WHAT THE TASK ASKS:
For the entries below, repeat exactly each line starting with the one that contains "2000年という節目の年に向" and going on through the one that contains "Tiger Japanese Art", and no others.

RECORDS SHOWN:
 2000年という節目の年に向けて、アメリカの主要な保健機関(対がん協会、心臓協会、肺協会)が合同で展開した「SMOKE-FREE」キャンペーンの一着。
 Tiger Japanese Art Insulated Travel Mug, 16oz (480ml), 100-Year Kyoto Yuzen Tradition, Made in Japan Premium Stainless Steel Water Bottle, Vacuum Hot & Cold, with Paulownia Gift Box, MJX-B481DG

---

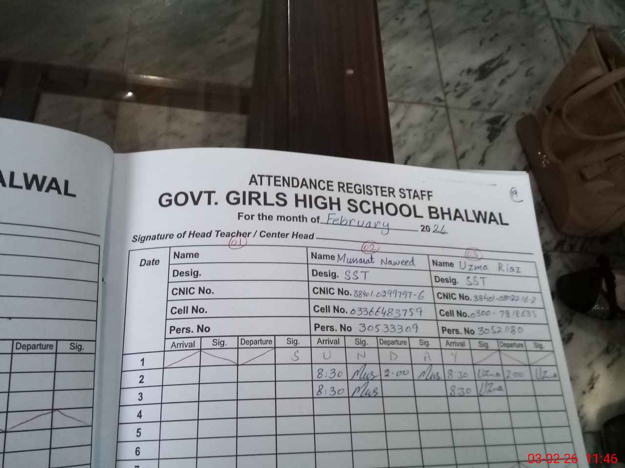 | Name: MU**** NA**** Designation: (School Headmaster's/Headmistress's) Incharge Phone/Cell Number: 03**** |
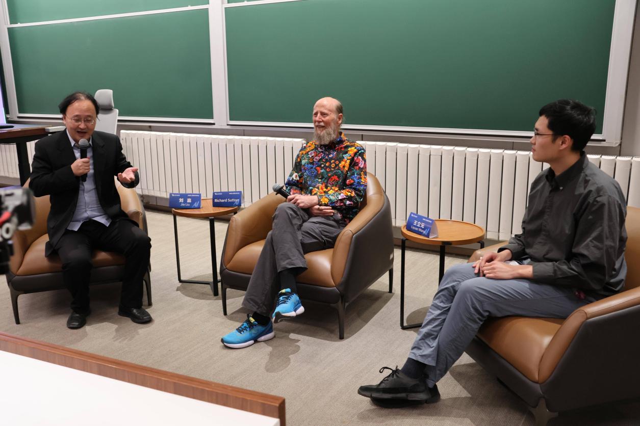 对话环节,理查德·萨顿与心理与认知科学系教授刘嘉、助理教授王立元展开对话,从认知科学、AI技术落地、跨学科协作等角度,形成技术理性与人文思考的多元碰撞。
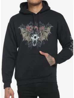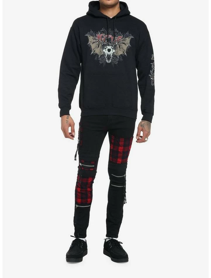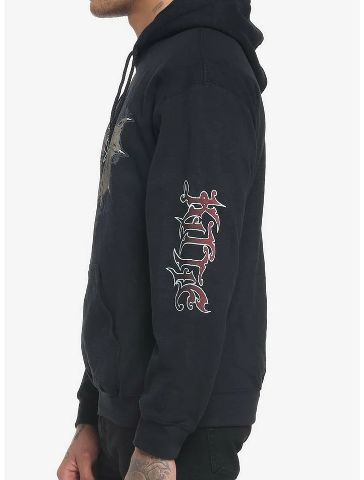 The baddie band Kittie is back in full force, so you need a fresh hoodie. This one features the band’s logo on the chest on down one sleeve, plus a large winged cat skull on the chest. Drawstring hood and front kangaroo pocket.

TASK RESULT:
 2000年という節目の年に向けて、アメリカの主要な保健機関(対がん協会、心臓協会、肺協会)が合同で展開した「SMOKE-FREE」キャンペーンの一着。
 Tiger Japanese Art Insulated Travel Mug, 16oz (480ml), 100-Year Kyoto Yuzen Tradition, Made in Japan Premium Stainless Steel Water Bottle, Vacuum Hot & Cold, with Paulownia Gift Box, MJX-B481DG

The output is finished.